About this Book

This is a companion training guide for BioDIGS, a GDSCN project that brings a research experience into the classroom. In this module, students will explore microbiome data for the presence of biosynthesis genes. They will run analyses using antiSMASH as implemented on Galaxy.

Landing page for the Biosynthetic Gene Cluster Activity.

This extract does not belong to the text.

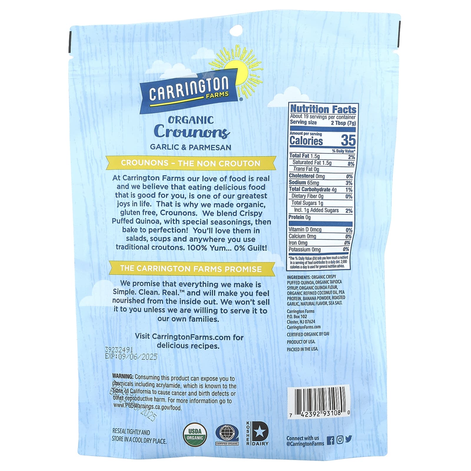В Carrington Farms мы по-настоящему любим еду и верим, что вкусная и полезная еда - одна из самых больших радостей в жизни. Вот почему мы сделали органические крауноны без глютена. Мы смешиваем хрустящую воздушную киноа с особыми приправами и выпекаем до совершенства! Вы полюбите их в салатах, супах и везде, где вы используете традиционные гренки. 100% вкусный ... 0% вины!

Visit the BioDIGS (BioDiversity and Informatics for Genomics Scholars) website here for more information about this collaborative, distributed research project, including how you can get involved!

The GDSCN (Genomics Data Science Community Network) is a consortium of educators who aim to create a world where researchers, educators, and students from diverse backgrounds are able to fully participate in genomic data science research. You can find more information about its mission and initiatives here.

BioDIGS logo

0.1 Skills Level

The activities in this guide are written for undergraduate students and beginning graduate students.

Genetics
Beginner: some genetics knowledge needed

Programming skills
Novice: no programming experience needed

0.2 Platform

The activities in this guide are demonstrated on NHGRI’s AnVIL cloud computing platform. AnVIL is the preferred computing platform for the GDSCN. However, all of these activities can be done using your personal installation of R or using the online Galaxy portal.

Please check out our full collection of AnVIL and related resources: https://hutchdatascience.org/AnVIL_Collection/

0.3 Data

The data generated by the BioDIGS project is available through the BioDIGS website, as well as through an AnVIL workspace.

Data about the soil itself as well as soil metal content was generated by the Delaware Soil Testing Program at the University of Delaware. Sequences were generated by the Johns Hopkins University Genetic Resources Core Facility and by PacBio.